The records: Begin
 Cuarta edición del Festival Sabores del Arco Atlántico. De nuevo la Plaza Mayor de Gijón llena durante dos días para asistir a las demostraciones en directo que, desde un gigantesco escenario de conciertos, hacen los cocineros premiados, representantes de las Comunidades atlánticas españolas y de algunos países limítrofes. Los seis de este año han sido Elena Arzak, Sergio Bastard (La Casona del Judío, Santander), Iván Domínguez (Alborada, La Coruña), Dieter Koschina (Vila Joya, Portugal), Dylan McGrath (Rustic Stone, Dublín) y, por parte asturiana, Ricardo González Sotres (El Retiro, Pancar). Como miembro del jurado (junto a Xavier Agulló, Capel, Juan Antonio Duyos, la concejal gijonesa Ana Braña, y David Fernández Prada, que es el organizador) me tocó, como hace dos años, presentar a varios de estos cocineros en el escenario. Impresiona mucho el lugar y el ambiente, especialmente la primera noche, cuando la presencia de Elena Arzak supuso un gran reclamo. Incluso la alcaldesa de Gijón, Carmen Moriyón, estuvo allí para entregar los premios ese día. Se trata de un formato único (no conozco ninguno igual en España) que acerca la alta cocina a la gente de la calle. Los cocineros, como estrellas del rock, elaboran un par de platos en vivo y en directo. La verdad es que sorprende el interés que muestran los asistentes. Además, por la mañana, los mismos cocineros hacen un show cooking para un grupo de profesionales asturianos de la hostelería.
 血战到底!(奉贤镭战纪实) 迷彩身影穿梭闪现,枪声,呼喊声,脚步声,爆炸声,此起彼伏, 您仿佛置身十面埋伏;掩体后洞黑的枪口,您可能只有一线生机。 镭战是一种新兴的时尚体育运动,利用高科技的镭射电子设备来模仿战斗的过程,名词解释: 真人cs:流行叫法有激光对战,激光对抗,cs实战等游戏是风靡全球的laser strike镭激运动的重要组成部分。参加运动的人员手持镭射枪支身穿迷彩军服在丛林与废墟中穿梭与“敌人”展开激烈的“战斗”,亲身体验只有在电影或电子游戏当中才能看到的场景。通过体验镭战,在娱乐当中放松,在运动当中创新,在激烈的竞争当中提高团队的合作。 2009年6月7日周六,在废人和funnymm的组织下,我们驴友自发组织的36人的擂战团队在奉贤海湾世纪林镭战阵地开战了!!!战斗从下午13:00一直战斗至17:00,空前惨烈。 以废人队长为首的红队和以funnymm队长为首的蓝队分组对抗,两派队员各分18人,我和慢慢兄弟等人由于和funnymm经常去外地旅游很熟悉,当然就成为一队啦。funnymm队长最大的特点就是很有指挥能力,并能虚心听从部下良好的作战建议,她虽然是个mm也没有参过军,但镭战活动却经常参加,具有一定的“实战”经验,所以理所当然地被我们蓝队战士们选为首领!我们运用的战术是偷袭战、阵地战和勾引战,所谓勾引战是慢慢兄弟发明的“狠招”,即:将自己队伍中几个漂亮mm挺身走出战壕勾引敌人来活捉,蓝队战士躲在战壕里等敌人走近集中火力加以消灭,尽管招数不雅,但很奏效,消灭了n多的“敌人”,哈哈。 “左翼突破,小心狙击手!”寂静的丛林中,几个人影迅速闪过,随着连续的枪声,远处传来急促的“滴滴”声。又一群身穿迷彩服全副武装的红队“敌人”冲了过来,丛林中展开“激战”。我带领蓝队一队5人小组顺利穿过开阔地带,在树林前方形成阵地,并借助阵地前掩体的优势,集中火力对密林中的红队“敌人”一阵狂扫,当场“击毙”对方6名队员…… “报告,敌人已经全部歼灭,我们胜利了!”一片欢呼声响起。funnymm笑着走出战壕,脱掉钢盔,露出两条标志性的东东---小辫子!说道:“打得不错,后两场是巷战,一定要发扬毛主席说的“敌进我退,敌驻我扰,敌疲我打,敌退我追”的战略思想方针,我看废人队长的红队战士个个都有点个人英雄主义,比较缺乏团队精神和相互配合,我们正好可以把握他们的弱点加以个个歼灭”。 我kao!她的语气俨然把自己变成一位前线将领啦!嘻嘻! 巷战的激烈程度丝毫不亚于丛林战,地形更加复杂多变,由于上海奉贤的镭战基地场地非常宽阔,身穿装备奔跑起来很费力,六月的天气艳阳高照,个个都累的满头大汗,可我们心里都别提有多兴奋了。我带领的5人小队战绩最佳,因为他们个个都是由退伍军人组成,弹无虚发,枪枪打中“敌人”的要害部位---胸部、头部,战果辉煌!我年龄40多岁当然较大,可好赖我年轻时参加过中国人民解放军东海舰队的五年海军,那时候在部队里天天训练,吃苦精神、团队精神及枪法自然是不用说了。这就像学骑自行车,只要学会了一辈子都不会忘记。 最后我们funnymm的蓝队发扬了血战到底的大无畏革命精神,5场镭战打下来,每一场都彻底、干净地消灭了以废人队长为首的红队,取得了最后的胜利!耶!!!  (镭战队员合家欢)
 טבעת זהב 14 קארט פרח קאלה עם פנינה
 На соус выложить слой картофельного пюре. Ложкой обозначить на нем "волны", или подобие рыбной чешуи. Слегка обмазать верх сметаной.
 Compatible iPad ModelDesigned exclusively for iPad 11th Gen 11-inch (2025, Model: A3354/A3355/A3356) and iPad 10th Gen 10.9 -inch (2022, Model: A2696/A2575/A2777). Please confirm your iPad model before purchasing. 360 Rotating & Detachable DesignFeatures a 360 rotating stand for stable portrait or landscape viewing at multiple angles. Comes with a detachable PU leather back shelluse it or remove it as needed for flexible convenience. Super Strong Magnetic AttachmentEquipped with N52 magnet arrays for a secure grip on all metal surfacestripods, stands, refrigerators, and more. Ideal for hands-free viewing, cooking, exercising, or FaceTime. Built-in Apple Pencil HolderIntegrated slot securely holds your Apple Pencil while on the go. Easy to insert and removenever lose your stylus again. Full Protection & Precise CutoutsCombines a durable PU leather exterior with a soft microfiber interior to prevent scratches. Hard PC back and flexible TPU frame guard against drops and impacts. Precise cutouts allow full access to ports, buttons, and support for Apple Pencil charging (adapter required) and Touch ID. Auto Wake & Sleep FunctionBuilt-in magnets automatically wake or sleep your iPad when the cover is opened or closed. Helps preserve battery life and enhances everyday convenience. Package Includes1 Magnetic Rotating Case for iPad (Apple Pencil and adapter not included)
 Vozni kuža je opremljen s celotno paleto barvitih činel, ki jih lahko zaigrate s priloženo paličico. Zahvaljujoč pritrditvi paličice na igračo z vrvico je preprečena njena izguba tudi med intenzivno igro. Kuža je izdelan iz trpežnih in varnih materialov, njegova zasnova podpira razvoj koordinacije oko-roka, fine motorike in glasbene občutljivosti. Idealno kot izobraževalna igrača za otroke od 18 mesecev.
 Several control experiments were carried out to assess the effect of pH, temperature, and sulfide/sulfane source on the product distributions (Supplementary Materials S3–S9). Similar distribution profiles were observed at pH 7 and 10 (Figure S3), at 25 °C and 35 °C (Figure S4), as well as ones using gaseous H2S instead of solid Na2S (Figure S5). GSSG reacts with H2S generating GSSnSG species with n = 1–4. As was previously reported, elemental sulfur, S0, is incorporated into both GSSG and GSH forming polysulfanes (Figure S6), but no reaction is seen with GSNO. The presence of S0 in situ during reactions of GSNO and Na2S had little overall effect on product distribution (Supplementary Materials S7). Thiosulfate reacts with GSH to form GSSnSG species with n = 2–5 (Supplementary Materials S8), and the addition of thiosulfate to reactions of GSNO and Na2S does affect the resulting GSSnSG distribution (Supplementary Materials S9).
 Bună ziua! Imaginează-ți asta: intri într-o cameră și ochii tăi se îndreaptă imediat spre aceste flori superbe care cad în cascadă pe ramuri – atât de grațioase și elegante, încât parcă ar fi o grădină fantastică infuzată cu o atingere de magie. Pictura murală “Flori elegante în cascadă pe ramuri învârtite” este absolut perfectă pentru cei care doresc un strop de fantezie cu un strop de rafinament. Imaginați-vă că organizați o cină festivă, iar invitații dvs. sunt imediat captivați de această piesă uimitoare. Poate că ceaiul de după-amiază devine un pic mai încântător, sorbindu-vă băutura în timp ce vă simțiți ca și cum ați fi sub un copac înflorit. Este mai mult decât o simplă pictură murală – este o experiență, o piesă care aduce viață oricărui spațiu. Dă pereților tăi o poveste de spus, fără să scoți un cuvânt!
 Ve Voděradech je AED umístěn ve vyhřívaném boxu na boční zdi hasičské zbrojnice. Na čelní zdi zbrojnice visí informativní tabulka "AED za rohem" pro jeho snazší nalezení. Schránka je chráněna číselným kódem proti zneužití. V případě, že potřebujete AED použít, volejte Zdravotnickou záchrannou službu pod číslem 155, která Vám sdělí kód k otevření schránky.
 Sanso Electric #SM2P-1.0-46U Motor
The records: End
Of the entries above, repeat exactly the lines from the line with "Compatible iPad ModelDesigned" through the line with "Vozni kuža je", both of them included.

■ Response
 Compatible iPad ModelDesigned exclusively for iPad 11th Gen 11-inch (2025, Model: A3354/A3355/A3356) and iPad 10th Gen 10.9 -inch (2022, Model: A2696/A2575/A2777). Please confirm your iPad model before purchasing. 360 Rotating & Detachable DesignFeatures a 360 rotating stand for stable portrait or landscape viewing at multiple angles. Comes with a detachable PU leather back shelluse it or remove it as needed for flexible convenience. Super Strong Magnetic AttachmentEquipped with N52 magnet arrays for a secure grip on all metal surfacestripods, stands, refrigerators, and more. Ideal for hands-free viewing, cooking, exercising, or FaceTime. Built-in Apple Pencil HolderIntegrated slot securely holds your Apple Pencil while on the go. Easy to insert and removenever lose your stylus again. Full Protection & Precise CutoutsCombines a durable PU leather exterior with a soft microfiber interior to prevent scratches. Hard PC back and flexible TPU frame guard against drops and impacts. Precise cutouts allow full access to ports, buttons, and support for Apple Pencil charging (adapter required) and Touch ID. Auto Wake & Sleep FunctionBuilt-in magnets automatically wake or sleep your iPad when the cover is opened or closed. Helps preserve battery life and enhances everyday convenience. Package Includes1 Magnetic Rotating Case for iPad (Apple Pencil and adapter not included)
 Vozni kuža je opremljen s celotno paleto barvitih činel, ki jih lahko zaigrate s priloženo paličico. Zahvaljujoč pritrditvi paličice na igračo z vrvico je preprečena njena izguba tudi med intenzivno igro. Kuža je izdelan iz trpežnih in varnih materialov, njegova zasnova podpira razvoj koordinacije oko-roka, fine motorike in glasbene občutljivosti. Idealno kot izobraževalna igrača za otroke od 18 mesecev.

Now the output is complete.